My only companion was the view of Manhattan from the windows.
I could see New York. No one could see me.
My phone buzzed, and I was tempted to ignore it.
But the possibility that it might be her again had me grabbing it from my pocket.
Michelle: Remember that time you knocked on my office door after your first appointment?
Jack: Yes.
Michelle: You told me you had unfinished business with my pussy.
Jack: I did. I still do. Only because I fucking love your pussy, so I’m always going to want to do business with it, to it, for it, and in it.
Michelle: I have unfinished business with your fabulous cock.
Jack: Now you’ve done it again. Why do you torture me like this?
Michelle: It’s only torture if I’m going to leave you blue-balled.
Jack: Well, what’s your plan, beautiful? Because my dick is hard, and I have no intention of jacking off in my office, and I have two more hours of work to get through.
I waited, and waited, and waited. But no reply came.
“Fuck it,” I muttered, because it was time to focus.

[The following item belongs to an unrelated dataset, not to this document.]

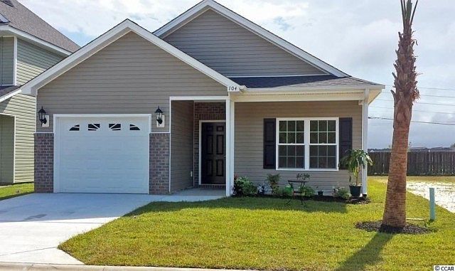 This is a Molly plan under contract with an expected completion date in December 2016. The photo is of a Molly plan at another location. Palm Cove is an exciting new home community on Palmetto Point Boulevard, just across Hwy 17 Bypass from the Withers Preserve and Market Common area. This great location gives you quick access to the beach; Market Common; Crabtree gym and recreation areas, walking areas, and ball fields; Coastal Grand Mall, and just about any location on the beach, since you have stoplight access to Hwy 17 Bypass. Unbelievable low prices for such a great location, and take a look at all of these STANDARD features included in the price: 9-foot ceilings, brick accents plus low-maintenance vinyl siding, tile flooring in kitchen and baths, granite kitchen counter tops, upgraded cabinets with slam-proof and self-close feature, garage door openers, ceiling fans with light package in all bedrooms and living room, custom trim package including full wood trim (instead of just a sheetrock return) on all windows, sprinkler system included with fully landscaped yard. WOW!! Good-looking and functional, and lots of extras for no extra charge!

I tossed the phone on my desk. I needed to take care of a few thorny issues with suppliers before the weekend, but all I wanted was to rid my body and mind of the residual tension from the day.
The meeting with Team Eden combined with the time at the therapist’s, in addition to all those jumbled feelings of fuck-uppery with Aubrey had me on edge.
And Michelle was nowhere to be seen to take that edge off.
I’d just fired up the computer screen when my office phone beeped with the receptionist. I stabbed the answer button. “Hey, Christine. How are you?”
“Good afternoon, Mr. Sullivan. There is someone here for you with a delivery from the library. She wants me to send her back,” the receptionist said, lowering her voice.
“The library?”
“She said you ordered some books for personal delivery,” Christine said, sounding thoroughly flummoxed. I was too. Until some neuron fired and I had the sneaking suspicion the edge was about to come off.
“Send her back,” I said, and then hung up as my cell phone rattled once more.
Michelle: I hope it’s not work that involves other people.
Jack: Why not?
Michelle: Because I wouldn’t want them to see what I’m about to do to you.